Koen Casteels (born 25 June 1992) is a Belgian professional footballer who plays as a goalkeeper for Bundesliga club VfL Wolfsburg and the Belgium national team.

Formed at Genk, he spent most of his professional career in Germany with 1899 Hoffenheim, Werder Bremen (loan) and VfL Wolfsburg, making over 100 Bundesliga appearances.

Casteels made 37 appearances for Belgium up to under-21 level. He was first called up for the senior team in 2013 and was part of their squad that came third at the 2018 FIFA World Cup.

Club career
Casteels was developed at K.R.C. Genk where he was a teammate of fellow goalkeeper Thibaut Courtois. He was initially regarded as better than Courtois, but while he and several of the club's other goalkeepers were injured, Courtois broke into the team.

Casteels  was signed by VfL Wolfsburg from TSG 1899 Hoffenheim in January 2015, but spent the first six months of the three-and-a-half-year contract on loan at Werder Bremen. He played for Wolfsburg in the 2015 DFL-Supercup, saving from Xabi Alonso in the penalty shootout as his team won after a 1–1 draw.

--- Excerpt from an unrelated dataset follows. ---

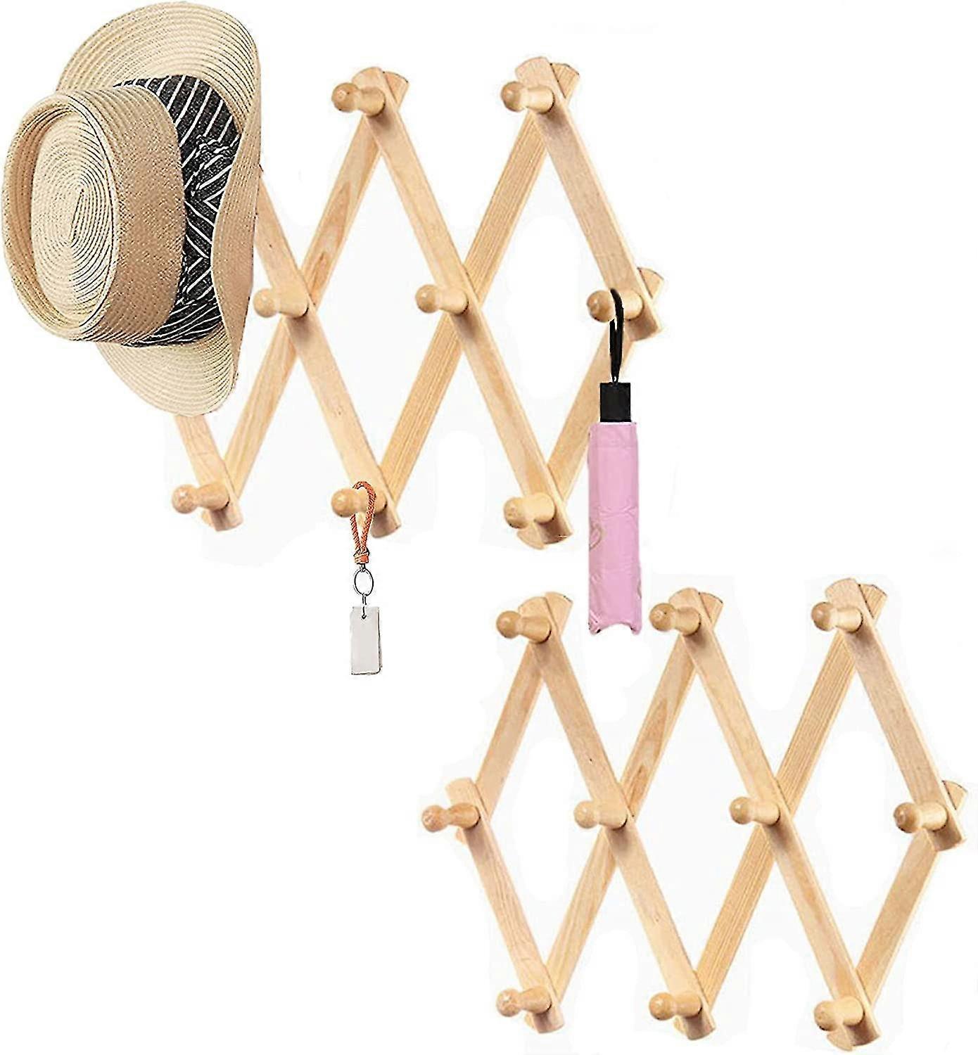 Expandable Wood Wall Rack Folding Hanger 10 Pegs Wooden Hook Wall Mounted Expanding Storage Rack, Wall-mounted Coat Rack Retractable Drying Rack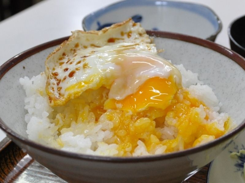 レアな黄身に仕上げられた目玉焼きが提供されましたので、その黄身を流しては勿体無いと、ごはんの上で黄身を潰します

When Diego Benaglio left Wolfsburg in June 2017, Casteels signed a new three-year contract with the club and was given the number 1 shirt. He appeared in all of the club's 34 Bundesliga matches during the 2017−18 season.

International career
Casteels was first called up to the senior Belgium team in May 2013. He was going to be part of Belgium's 2014 FIFA World Cup squad but failed to recover from an injury and was replaced by Silvio Proto and then Sammy Bossut.

Manager Roberto Martínez often chose four goalkeepers in his international selections, and as the 2018 FIFA World Cup only permitted three, Casteels battled with Matz Sels for the final space behind Thibaut Courtois and Simon Mignolet. He was eventually chosen for the final 23-man squad to go to Russia.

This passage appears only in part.